Option 2: Dedicated read model (CQRS projection)
  Order Placed event triggers projection that pre-joins:
    order + user + product names into OrderDetailsView table
  Query: SELECT * FROM order_details_view WHERE id = ?
  (fast, no runtime composition, slightly stale)
C#
// API Composition in a BFF (Backend for Frontend)
public class OrderDetailsQueryHandler
{
    public async Task<OrderDetailsDto> HandleAsync(Guid orderId)
    {
        // Parallel fetches
        var orderTask = _orderClient.GetAsync(orderId);
        var userTask = _userClient.GetAsync(orderId);  // from correlation in order
        
        await Task.WhenAll(orderTask, userTask);
        
        var order = await orderTask;
        var user = await userTask;
        
        // Fetch products for all items in parallel
        var productTasks = order.Items
            .Select(item => _productClient.GetAsync(item.ProductId))
            .ToList();
        var products = await Task.WhenAll(productTasks);
        
        return new OrderDetailsDto
        {
            OrderId = order.Id,
            Status = order.Status,
            CustomerName = user.Name,
            Items = order.Items.Zip(products, (item, product) => new OrderItemDto
            {
                ProductName = product.Name,
                Quantity = item.Quantity,
                Price = item.Price
            }).ToList()
        };
    }
}

Data Consistency in Practice — What's "Good Enough"

Not everything needs perfect consistency. A pragmatic consistency hierarchy:

Strong consistency required:
  - Financial transactions
  - Inventory reservation (prevent overselling)
  - Security operations (password change, revoke token)
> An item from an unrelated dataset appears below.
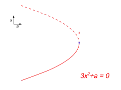 When a < 0, the potential V has two extrema - one stable, and one unstable. If the parameter a is slowly increased, the system can follow the stable minimum point. But at a = 0 the stable and unstable extrema meet, and annihilate. This is the bifurcation point. At a > 0 there is no longer a stable solution. If a physical system is followed through a fold bifurcation, one therefore finds that as a reaches 0, the stability of the a < 0 solution is suddenly lost, and the system will make a sudden transition to a new, very different behaviour. This bifurcation value of the parameter a is sometimes called the "tipping point".
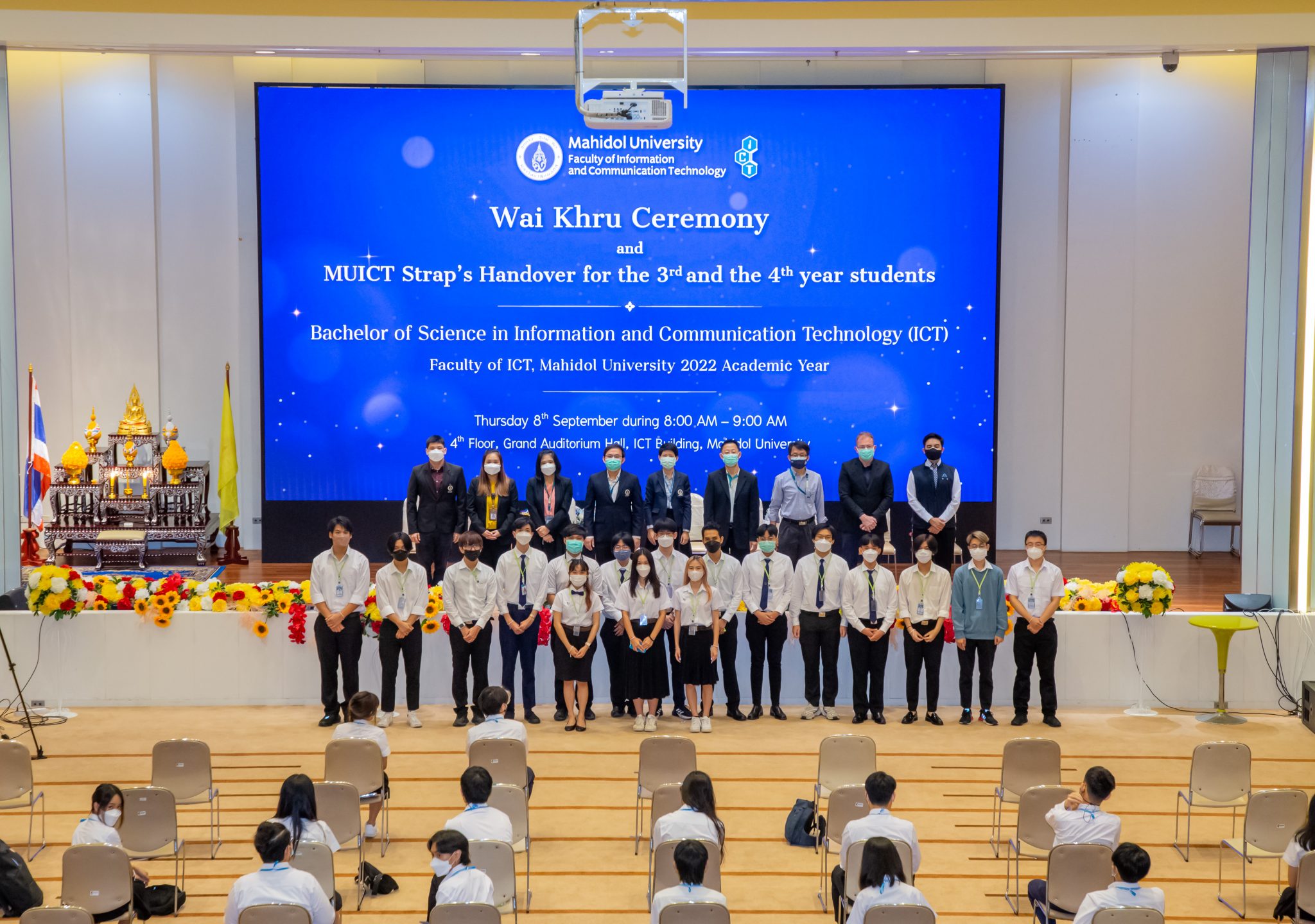 On 8 September 2022 – the Faculty of Information and Communication Technology, Mahidol University (ICT Mahidol), organized “Wai Kru and Strap Presentation Ceremony, Academic Year 2022” for 3rd and 4th year students of its B. Sc. in Information and Communication Technology (ICT International Program). On this occasion, Dr. Pawitra Liamruk, Deputy Dean for Academic Administration and Acting Deputy Dean for Organizational Communication and Engagement, as a representative of the Dean, presided over the ceremony which was attended by many ICT Mahidol instructors, executives and students at the Grand Auditorium, 4th floor, ICT Building, Salaya Campus, as well as via Webex Meetings.

Eventual consistency acceptable (seconds):
  - Order confirmation email
  - Analytics and reporting
  - Profile data propagation
  - Cache invalidation

Eventual consistency acceptable (minutes or hours):
  - Search index updates
  - Data warehouse ETL
  - Non-critical notifications

Design your system so that operations requiring strong consistency happen within a single service's transaction boundary. Cross-service operations should be designed to tolerate eventual consistency.


Key Takeaways

  • Database per service is mandatory for independence. Cross-service data access breaks isolation.
  • Eventual consistency is the norm for cross-service data. Design for it explicitly.
  • CQRS separates write (commands) and read (queries) models — enables optimized read projections and independent scaling.
  • Saga pattern handles distributed transactions with local transactions and compensating actions.
  • Orchestration sagas are easier to reason about and debug than choreography sagas for complex workflows.
  • Compensating transactions must be idempotent — they may be called more than once.
  • Event sourcing provides a full audit trail and enables read model rebuilds. Use it when audit/compliance is core, not as a default.
  • API Composition or pre-built read projections handle cross-service queries.
  • Know which operations need strong consistency — keep them within one service boundary.